James Mossman born 10 September 1923 (d. 1971)
David James Mossman was a British journalist, broadcaster, a TV reporter, film-maker, interviewer and former MI6 agent with a famously acerbic interviewing style.
For several years before his death, James Mossman was one of the best-known faces on British TV. However, the distinguished BBC correspondent had a secret - he was gay.
A member of the Panorama team in the 1960s specialising in foreign affairs, he was reassigned to presenting regular arts slot by the BBC because of the controversy around his interviewing style.
Generally recognised to be very handsome, he had a Canadian male lover called Louis Hanssen. Hanssen was married and 8 years younger than Mossman. He died in 1968 of an accidental overdose. Work colleagues of Mossman described Hanssen as domineering.

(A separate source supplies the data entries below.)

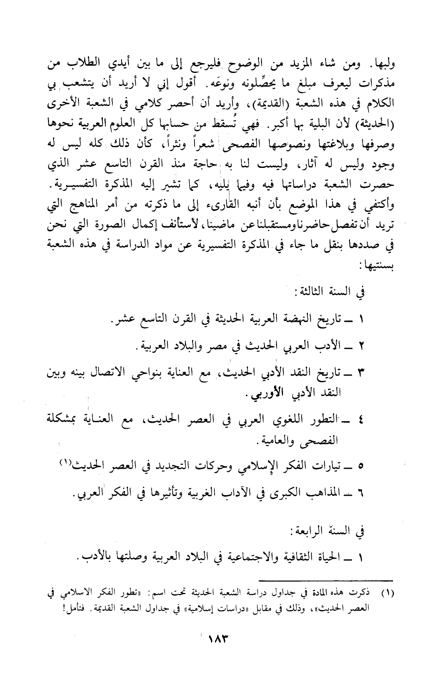 ولبها. ومن شاء المزيد من الوضوح فليرجع إلى ما بين أيدي الطلاب من مذكرات ليعرف مبلغ ما يحصِّلونه ونوعَه. أقول إني لا أريد أن يتشعب بي الكلام في هذه الشعبة (القديمة)، وأريد أن أحصر كلامي في الشعبة الأخرى (الحديثة) لأن البلية بها أكبر. فهي تُسقط من حسابها كل العلوم العربية نحوها وصرفها وبلاغتها ونصوصها الفصحى شعراً ونثراً، كأن ذلك كله ليس له وجود وليس له آثار، وليست لنا به حاجة منذ القرن التاسع عشر الذي حصرت الشعبة دراساتها فيه وفيما يليه، كما تشير إليه المذكرة التفسيرية. وأكتفي في هذا الموضع بأن أنبه القارئ إلى ما ذكرته من أمر المناهج التي تريد أن تفصل حاضرنا ومستقبلنا عن ماضينا، لأستأنف إكمال الصورة التي نحن في صددها بنقل ما جاء في المذكرة التفسيرية عن مواد الدراسة في هذه الشعبة بسنتيها:
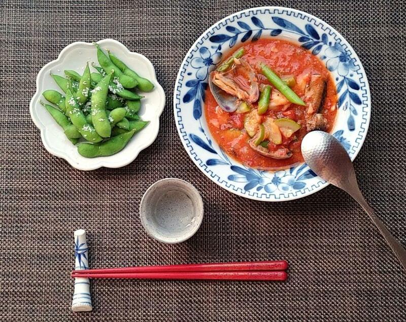 「さかきん発酵鍋」のレシピを参考にして、家庭でも手軽にできる肴を作ってみよう。夏なので、トマトベースのスープに。いうなれば和風のブイヤベース。野菜と魚介類を入れ、酒粕や塩こうじで味付けしたらうまそうだ。
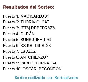 Lista de participantes: THORIVIO_CAT, SUNSURFER_69, LSDZCZ, ANTONIENZO7, MAGICARLOS1, PABLO_TORRALBA, XX-KREISER-XX, DURÁN, OSCAR_PECONDON, [ET8] DEPEDRAZA.

Probably suffering from depression, he committed suicide in his cottage in Norfolk by taking a fatal overdose of barbiturates, leaving behind a note that read: 'I can’t bear it any more, though I don’t know what "it" is.'
Peter Shaffer, the author of the play Equus claimed that during a stay at the Norfolk cottage that Mossman, of whom he was a friend, told him the story on which he based the play.
In February 2007, The Reporter, a play by Nicholas Wright based on his book and directed by Richard Eyre premiered at the Royal National Theatre in London. The play explores the social climate in the years before Mossman's death as well as the reasons for the death itself.